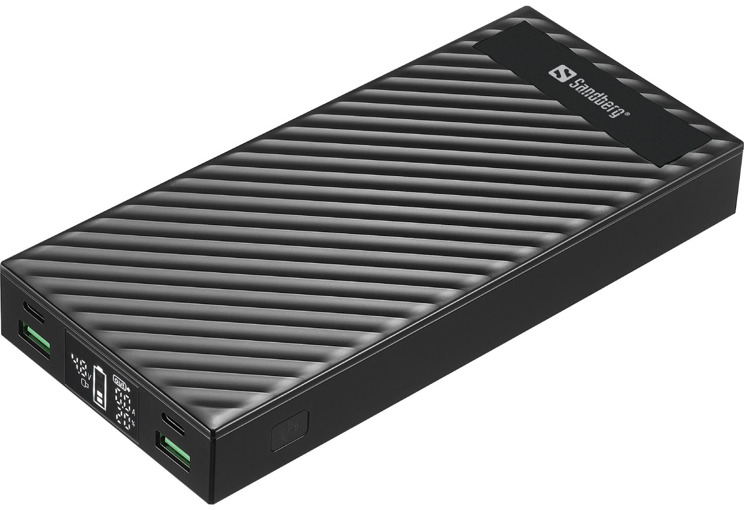 Повербанк Sandberg дуже потужний і може одночасно заряджати 2 великі ноутбуки. Його два порти USB-C PD потужністю 100 Вт кожен забезпечують оптимальний об’єм енергії в дорозі або може служити резервним джерелом живлення при відключенні електроенергії. Крім того, є два порти QC 3.0 USB-A, кожен потужністю 18 Вт.
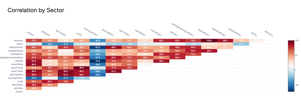 Deze trend wordt versterkt door sectorcorrelaties. Vrijwel alle altcoin-sectoren bewegen nu in nauwe samenhang, wat wijst op een brede marktrally die losstaat van asset-specifieke fundamenten. Tegelijkertijd zijn de correlaties tussen altcoins en Bitcoin sterk gedaald, wat de divergentie in koersgedrag benadrukt.
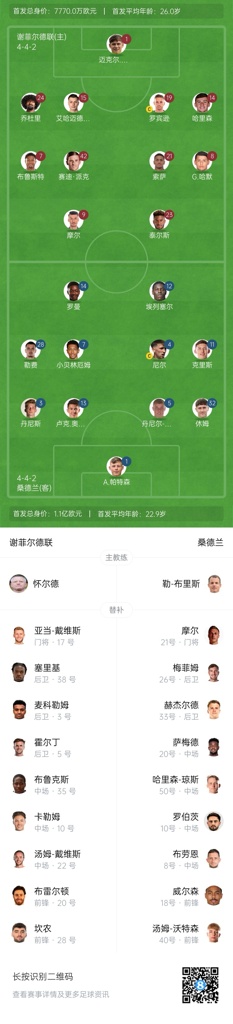 谢菲尔德联首发:1-迈克尔-库珀、14-哈里森-布鲁斯、15-艾哈迈德奥德季奇、19-罗宾逊、8-哈默、21-索萨、24-乔杜里、42-派克、7-布鲁斯特、9-摩尔、23-泰尔斯-坎贝尔
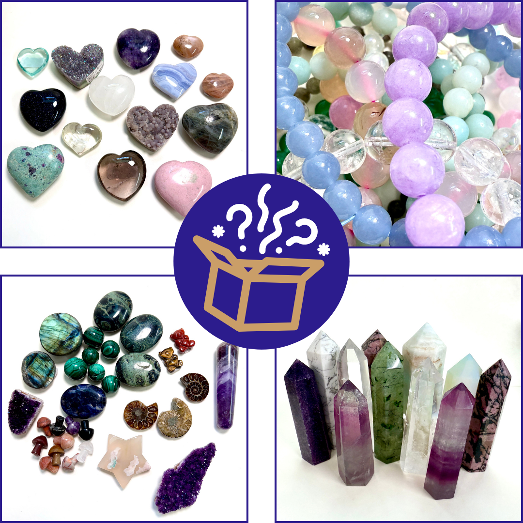 Boxes can include points, obelisks, spheres, hearts, jewelry, tumbled stones, various carvings, or raw crystals.
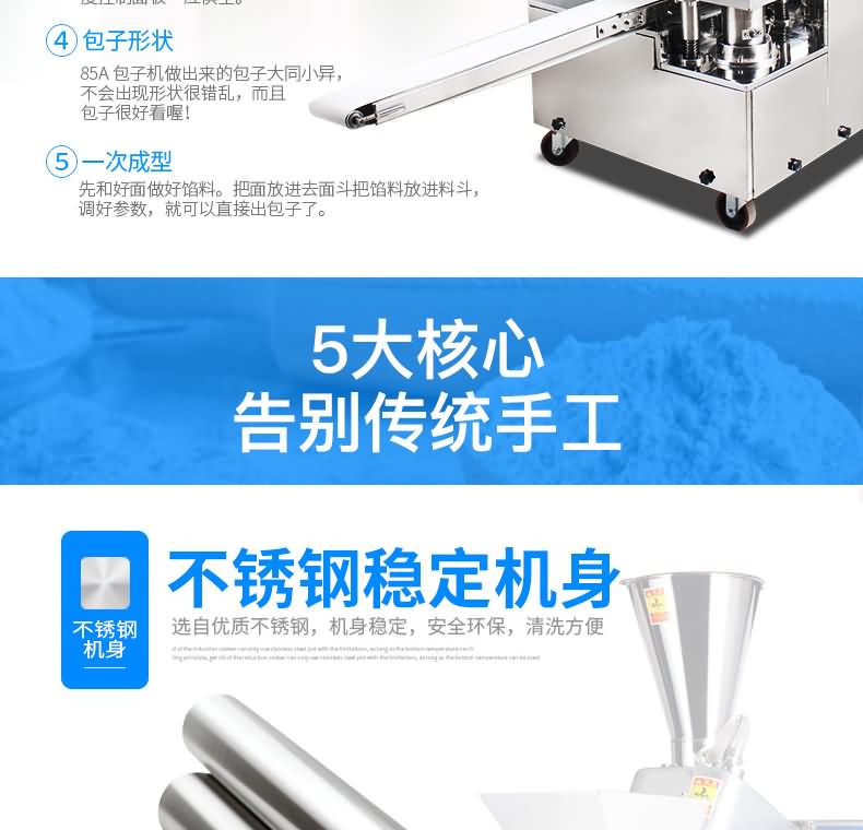 XZ -85A型全自動(dòng)包子機(jī)體積小重量輕,不銹鋼的外殼及食品接觸面,外觀精美,花紋更多,設(shè)計(jì)先進(jìn),生產(chǎn)性能穩(wěn)定,結(jié)構(gòu)簡(jiǎn)單,操作方便。可生產(chǎn)各種肉包、肉菜包、菜包、小籠包、湯包、水晶包、圓饅頭、奶黃包、豆沙包、叉燒包、南瓜餅等幾十種包餡制品。
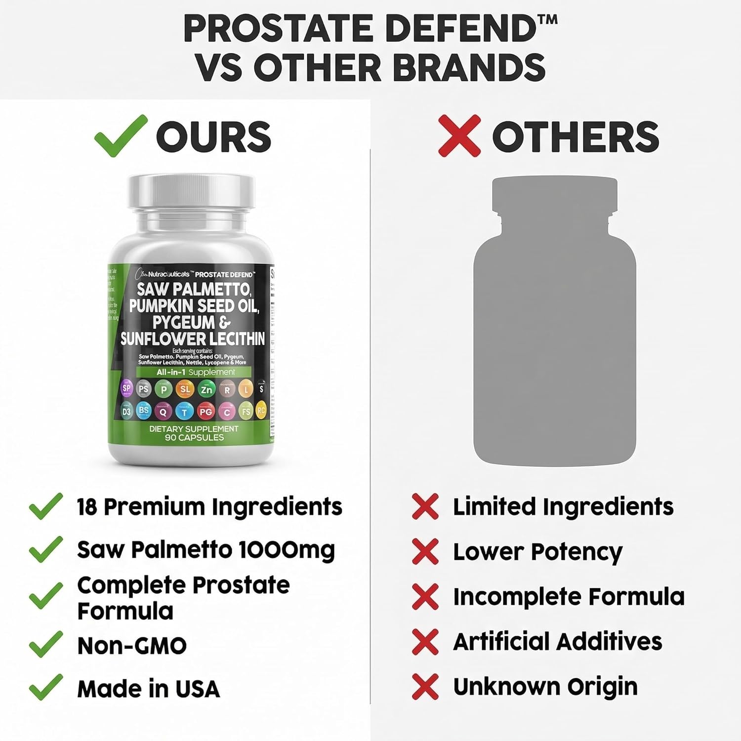 Introducing the Prostate Defend All In One Supplement – In addition to containing large milligram dosages of Saw Palmetto Extract For Men Prostate and many Pumpkin Seed Oil Extract, our formula also contains a whopping equivalent of Sunflower Lecithin Extract. This is a powerful alternative to less potent Saw Palmetto Herbal Supplements, Sunflower Lecithin, and Pygeum supplements on the market. A comprehensive prostate supplement for men supporting urinary flow, bladder health, and supporting urinary flow and bladder health to help you feel your best.
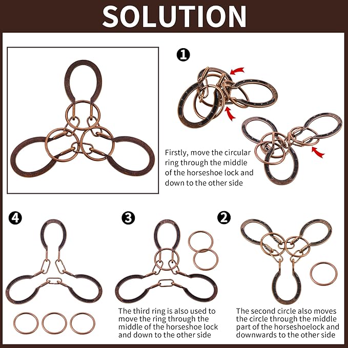 Brain Teaser Puzzles - Metal Horseshoe Cast Puzzle Game Toy Unlock Interlock Puzzles Box Mind IQ Logic Test Disentanglement Games Toys for Adults Office Supplies WP140D
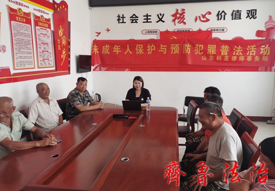 枣庄滕州市西岗司法所邀请滕州市“八五”宣讲团成员、山东科圣律师事务所曹真律师来到西岗镇段庄村开展《未成年人保护法》普法宣讲活动。
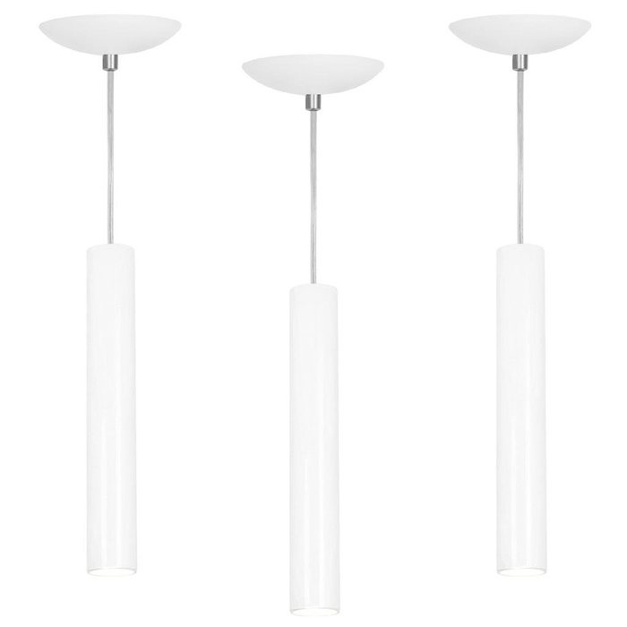 kit 3 Pendente Tubo Cilindro Branco 30Cm + Led 3k
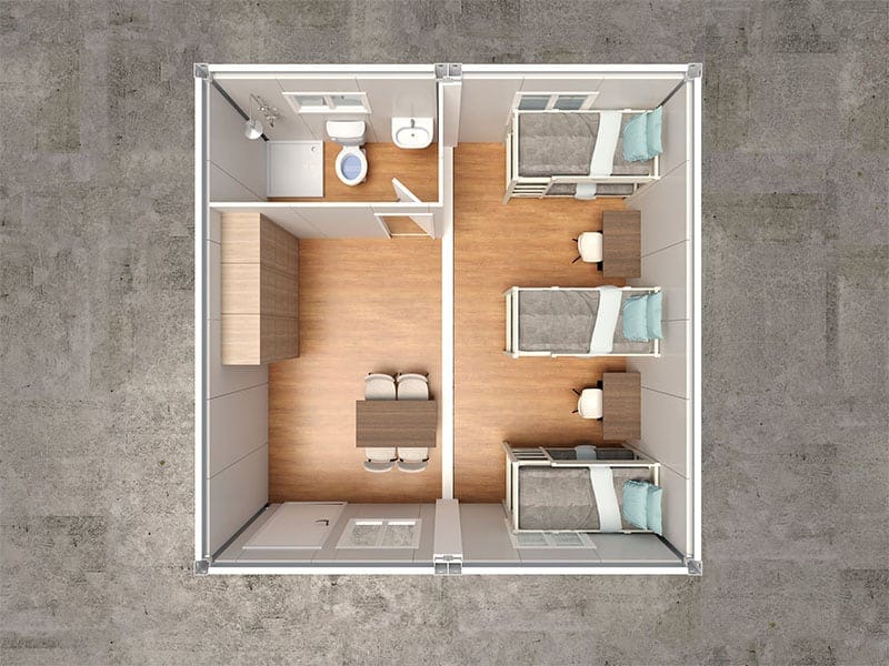 من حيث التصميم الداخلي، يمكن تجهيز كل وحدة حاوية بحمام خاص. يضمن هذا التصميم الخصوصية والراحة، مما يخلق بيئة معيشية مريحة تُشبه المساكن التقليدية. وبدلاً من ذلك، وبحسب الاحتياجات العملية والميزانية، يمكن توفير حمامات مشتركة في المناطق العامة، مما يُتيح مرونة في الاستخدام وإدارة التكاليف.
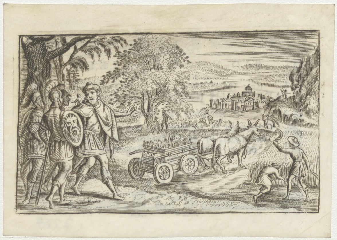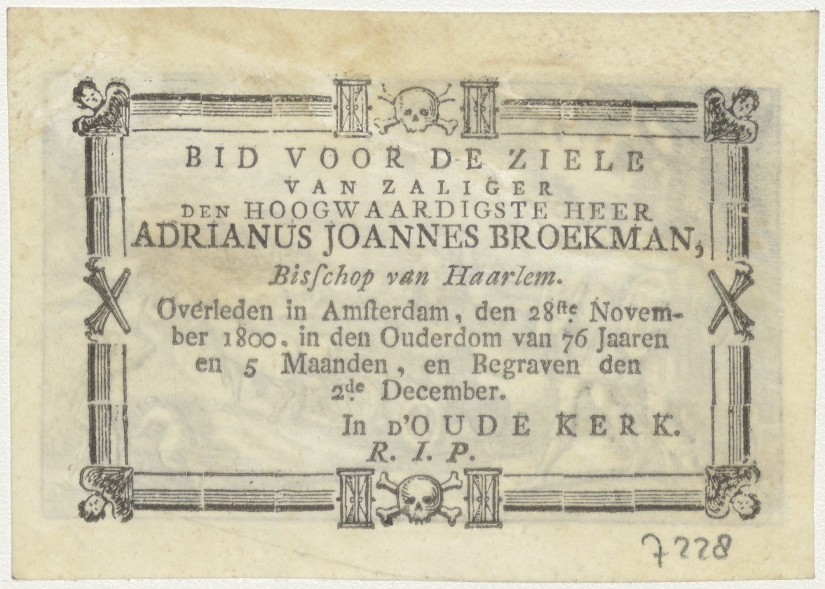 Gouden kalf(?) op ossenkar, kz. Religieus bid voor ziel Adrianus Broekman (+1800) Bisschop van Haarlem, overleden te Amsterdam

* * *

Task directions:
When pictures appear in the records above, leave them out and reproduce exactly each line from the first through the line containing "من حيث التصميم", both included.

Result of the exercise:
 Повербанк Sandberg дуже потужний і може одночасно заряджати 2 великі ноутбуки. Його два порти USB-C PD потужністю 100 Вт кожен забезпечують оптимальний об’єм енергії в дорозі або може служити резервним джерелом живлення при відключенні електроенергії. Крім того, є два порти QC 3.0 USB-A, кожен потужністю 18 Вт.
 Deze trend wordt versterkt door sectorcorrelaties. Vrijwel alle altcoin-sectoren bewegen nu in nauwe samenhang, wat wijst op een brede marktrally die losstaat van asset-specifieke fundamenten. Tegelijkertijd zijn de correlaties tussen altcoins en Bitcoin sterk gedaald, wat de divergentie in koersgedrag benadrukt.
 谢菲尔德联首发:1-迈克尔-库珀、14-哈里森-布鲁斯、15-艾哈迈德奥德季奇、19-罗宾逊、8-哈默、21-索萨、24-乔杜里、42-派克、7-布鲁斯特、9-摩尔、23-泰尔斯-坎贝尔
 Boxes can include points, obelisks, spheres, hearts, jewelry, tumbled stones, various carvings, or raw crystals.
 XZ -85A型全自動(dòng)包子機(jī)體積小重量輕,不銹鋼的外殼及食品接觸面,外觀精美,花紋更多,設(shè)計(jì)先進(jìn),生產(chǎn)性能穩(wěn)定,結(jié)構(gòu)簡(jiǎn)單,操作方便。可生產(chǎn)各種肉包、肉菜包、菜包、小籠包、湯包、水晶包、圓饅頭、奶黃包、豆沙包、叉燒包、南瓜餅等幾十種包餡制品。
 Introducing the Prostate Defend All In One Supplement – In addition to containing large milligram dosages of Saw Palmetto Extract For Men Prostate and many Pumpkin Seed Oil Extract, our formula also contains a whopping equivalent of Sunflower Lecithin Extract. This is a powerful alternative to less potent Saw Palmetto Herbal Supplements, Sunflower Lecithin, and Pygeum supplements on the market. A comprehensive prostate supplement for men supporting urinary flow, bladder health, and supporting urinary flow and bladder health to help you feel your best.
 Brain Teaser Puzzles - Metal Horseshoe Cast Puzzle Game Toy Unlock Interlock Puzzles Box Mind IQ Logic Test Disentanglement Games Toys for Adults Office Supplies WP140D
 枣庄滕州市西岗司法所邀请滕州市“八五”宣讲团成员、山东科圣律师事务所曹真律师来到西岗镇段庄村开展《未成年人保护法》普法宣讲活动。
 kit 3 Pendente Tubo Cilindro Branco 30Cm + Led 3k
 من حيث التصميم الداخلي، يمكن تجهيز كل وحدة حاوية بحمام خاص. يضمن هذا التصميم الخصوصية والراحة، مما يخلق بيئة معيشية مريحة تُشبه المساكن التقليدية. وبدلاً من ذلك، وبحسب الاحتياجات العملية والميزانية، يمكن توفير حمامات مشتركة في المناطق العامة، مما يُتيح مرونة في الاستخدام وإدارة التكاليف.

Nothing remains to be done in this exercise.